Retype the lines below exactly, from the one that contains "Garut, Jabar 60" through the last, and leave every picture out.

Segment Start: Source data

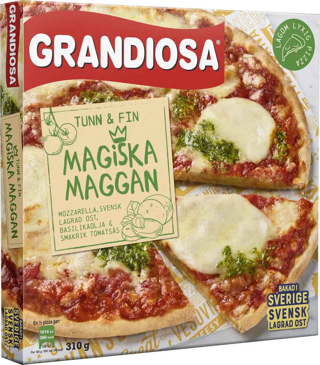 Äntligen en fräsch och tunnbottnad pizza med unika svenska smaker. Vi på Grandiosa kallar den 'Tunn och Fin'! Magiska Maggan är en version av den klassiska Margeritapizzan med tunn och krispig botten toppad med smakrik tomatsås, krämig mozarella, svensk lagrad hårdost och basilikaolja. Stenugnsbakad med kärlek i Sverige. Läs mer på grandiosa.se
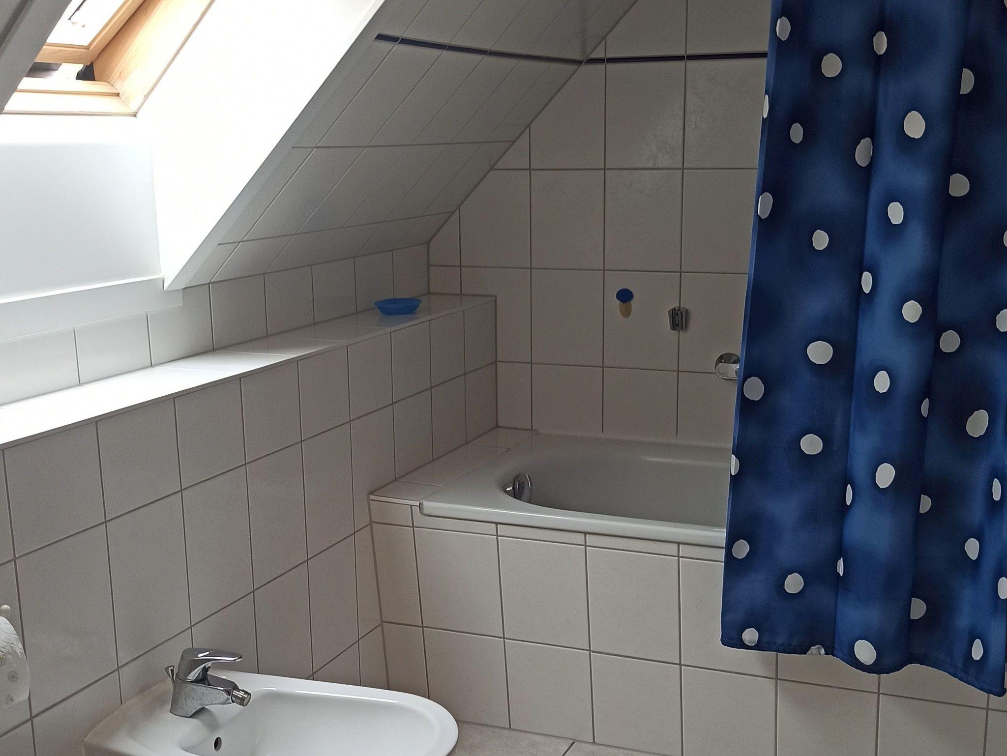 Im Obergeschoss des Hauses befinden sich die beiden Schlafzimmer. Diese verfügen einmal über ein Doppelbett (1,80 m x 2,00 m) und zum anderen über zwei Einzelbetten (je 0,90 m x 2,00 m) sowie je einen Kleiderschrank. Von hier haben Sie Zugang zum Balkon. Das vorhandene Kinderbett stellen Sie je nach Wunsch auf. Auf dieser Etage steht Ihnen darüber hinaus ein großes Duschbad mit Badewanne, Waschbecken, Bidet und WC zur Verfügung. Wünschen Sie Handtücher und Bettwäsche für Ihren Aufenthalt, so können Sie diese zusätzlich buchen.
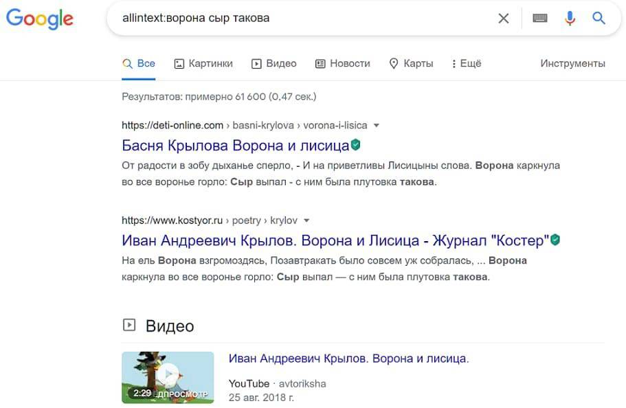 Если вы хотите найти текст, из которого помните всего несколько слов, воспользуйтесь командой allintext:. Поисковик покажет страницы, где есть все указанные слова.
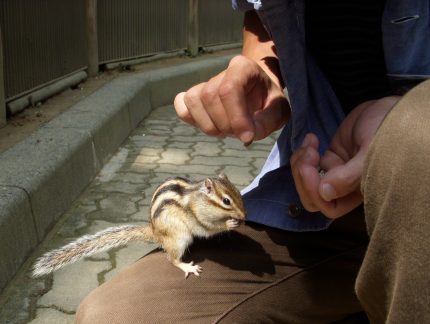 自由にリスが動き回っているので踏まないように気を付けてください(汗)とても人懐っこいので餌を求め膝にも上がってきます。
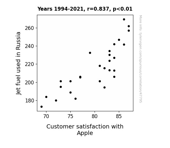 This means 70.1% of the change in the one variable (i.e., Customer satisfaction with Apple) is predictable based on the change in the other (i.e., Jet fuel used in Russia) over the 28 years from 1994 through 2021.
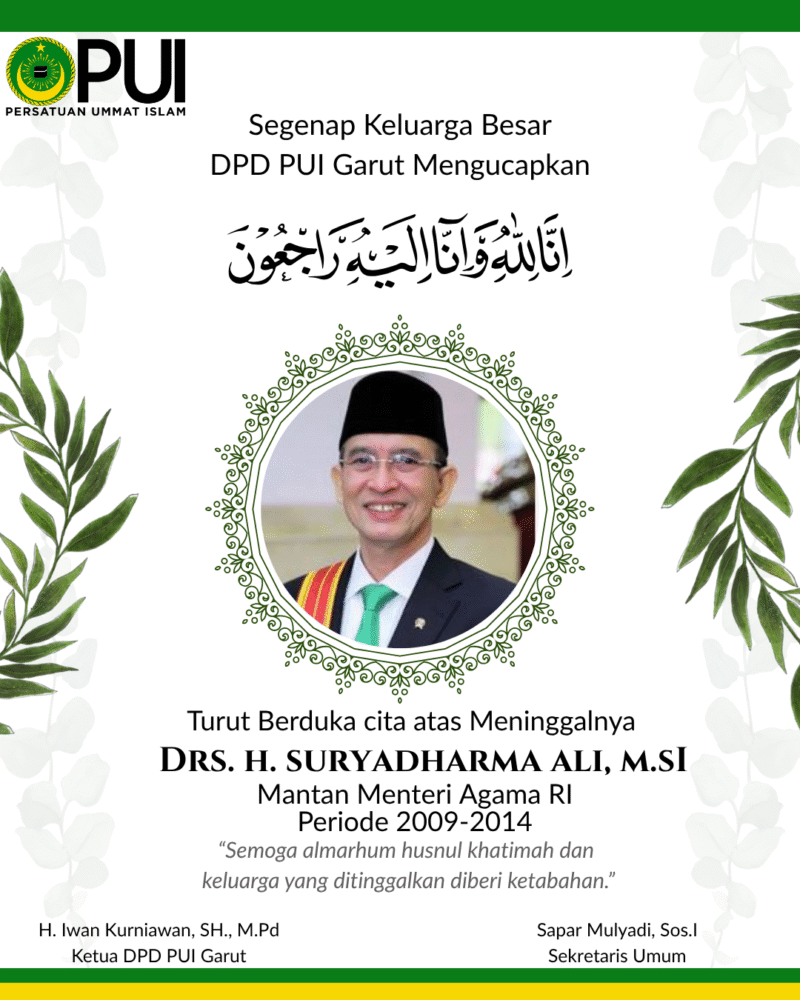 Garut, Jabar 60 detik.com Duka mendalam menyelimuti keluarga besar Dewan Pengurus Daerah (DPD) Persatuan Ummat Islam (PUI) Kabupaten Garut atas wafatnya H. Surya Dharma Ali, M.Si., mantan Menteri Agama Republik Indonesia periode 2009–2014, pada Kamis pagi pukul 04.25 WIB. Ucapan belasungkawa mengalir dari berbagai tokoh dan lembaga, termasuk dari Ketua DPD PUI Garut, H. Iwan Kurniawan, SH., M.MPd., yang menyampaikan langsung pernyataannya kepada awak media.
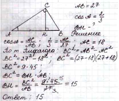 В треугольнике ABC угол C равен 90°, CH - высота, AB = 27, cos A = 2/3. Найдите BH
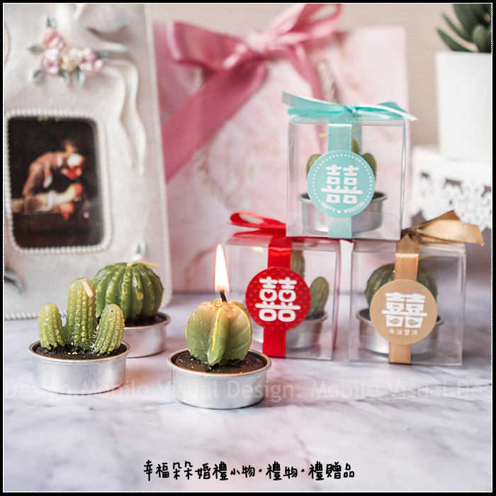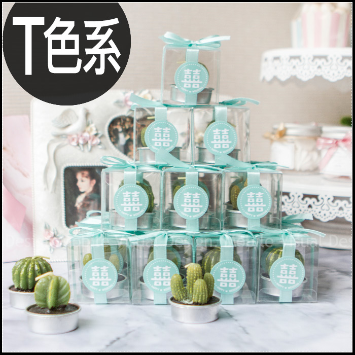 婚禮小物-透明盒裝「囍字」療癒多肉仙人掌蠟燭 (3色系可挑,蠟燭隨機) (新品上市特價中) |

Segment End: Source data

Answer space:
 Garut, Jabar 60 detik.com Duka mendalam menyelimuti keluarga besar Dewan Pengurus Daerah (DPD) Persatuan Ummat Islam (PUI) Kabupaten Garut atas wafatnya H. Surya Dharma Ali, M.Si., mantan Menteri Agama Republik Indonesia periode 2009–2014, pada Kamis pagi pukul 04.25 WIB. Ucapan belasungkawa mengalir dari berbagai tokoh dan lembaga, termasuk dari Ketua DPD PUI Garut, H. Iwan Kurniawan, SH., M.MPd., yang menyampaikan langsung pernyataannya kepada awak media.
 В треугольнике ABC угол C равен 90°, CH - высота, AB = 27, cos A = 2/3. Найдите BH
 婚禮小物-透明盒裝「囍字」療癒多肉仙人掌蠟燭 (3色系可挑,蠟燭隨機) (新品上市特價中) |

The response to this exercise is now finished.